In searching for alternatives, I landed at the Bureau of Economic Analysis (BEA). As part of their charge is studying the economy over time, they gather data from the Census Bureau, Bureau of Labor Statistics, and others to build time series, and they update them as geography and industrial classification schemes change. They publish national, state, metropolitan area, and county-level GDP, employment, income, wage, and population tables that span multiple decades. Their economic profile table for metros and counties covers 1969 to present, while the state profile table goes back to 1958. Metropolitan areas are aggregates of counties. As metro boundaries change, the BEA normalizes the data, adjusting the series by taking older county-level data and molding it to fit the most recent metro definitions.
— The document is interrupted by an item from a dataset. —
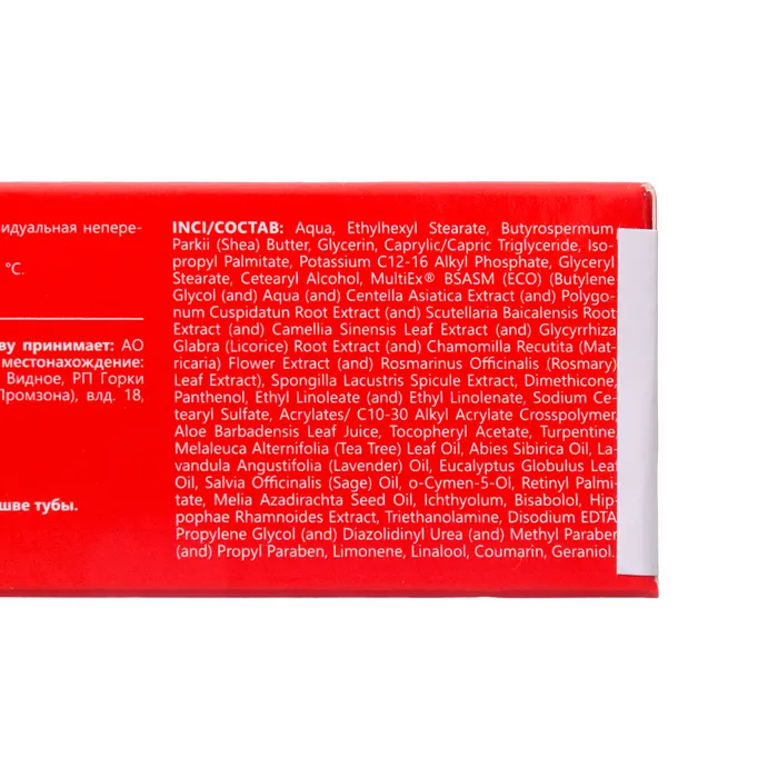 INCI/Состав: Aqua, Ethylhexyl Stearate, Butyrospermum Parkii (Shea) Butter, Glycerin, Caprylic/Сapric Triglyceride, Isopropyl Palmitate, Potassium C12-16 Alkyl Phosphate, Glyceryl Stearate, Cetearyl Alcohol, MultiEx® BSASM (ECO) (Butylene Glycol (and) Aqua (and) Centella Asiatica Extract (and) Polygonum Cuspidatun Root Extract (and) Scutellaria Baicalensis Root Extract (and) Camellia Sinensis Leaf Extract (and) Glycyrrhiza Glabra (Licorice) Root Extract (and) Chamomilla Recutita (Matricaria) Flower Extract (and) Rosmarinus Officinalis (Rosmary) Leaf Extract), Spongilla Lacustris Spicule Extract, Dimethicone, Panthenol, Ethyl Linoleate (and) Ethyl Linolenate, Sodium Cetearyl Sulfate, Acrylates/ C10-30 Alkyl Acrylate Crosspolymer, Aloe Barbadensis Leaf Juice, Tocopheryl Acetate, Turpentine, Melaleuca Alternifolia (Tea Tree) Leaf Oil, Abies Sibirica Oil, Lavandula Angustifolia (Lavender) Oil, Eucalyptus Globulus Leaf Oil, Salvia Officinalis (Sage) Oil, o-Cymen-5-Ol, Retinyl Palmitate, Melia Azadirachta Seed Oil, Ichthyolum, Bisabolol, Hippophae Rhamnoides Extract, Triethanolamine, Disodium EDTA, Propylene Glycol (and) Diazolidinyl Urea (and) Methyl Paraben (and) Propyl Paraben, Limonene, Linalool, Coumarin, Geraniol.

Finding the population data was a bit tricky, as it is embedded as one variable in the Economic Profile table (identified as CAINC30) that includes multiple indicators. Here’s the path to get it:

  • From the BEA website, choose Tools – Interactive Data.
  • From the options on the next page, choose Regional from the National, Industry, International or Regional data options. There’s also a link to a video that illustrates how to use the BEA interactive data tool.
  • From the Regional Data page, click “Begin using the data” (but note you can alternatively “Begin mapping the data” to make some basic web maps too, like the one in the header of this post).
  • On the next page are categories, and under each category are data tables for specific series. In this case, Personal Income and Employment by County and Metropolitan Area was what I wanted, and under that the Economic Profile CAINC30 table (states appear under a different heading, but there’s a comparable Economic Profile table for them, SAINC30).
  • On the multi-screen table builder, you choose a type of geography (county or different metro area options), and on the next tab you can choose individual places, hold down CTRL and select several, or grab them all with the option at the top of the dropdown. Likewise for the Statistic, choose Population (persons), or grab a selection, or take all the stats. Under the Unit of Measure dropdown, Levels gives you the actual statistic, but you can also choose percent change, index values, and more. On the next tab, choose your years.
  • On the final page, if your selection is small enough you can preview the result and then download. In this case it’s too large, so you’re prompted to grab an Excel or CSV file to download.

And there you have it! One table with 50+ years of annual population data, using current metro boundaries. The footnotes at the bottom of the file indicate that the latest years of population data are based on the most recent vintage estimates from the Census Bureau’s population estimates. Once the final intercensal estimates for the 2010s are released, the data for that decade will be replaced a final time, and the estimates from the 2020s will be updated annually as each new vintage is released until we pass the 2030 census. Their documentation is pretty thorough.

BEA 5-decade Time Series of Population Data by Metro Area

The Interactive Data table approach allows you to assemble your series step by step. If you wanted to skip all the clicking you can grab everything in one download (all years for all places for all stats in a given table). Of course, that means some filtering and cleaning post-download to isolate what you need. There’s also an API, and several other data series and access options to explore. The steps for creating the map that appears at the top of this post were similar to the steps for building the table.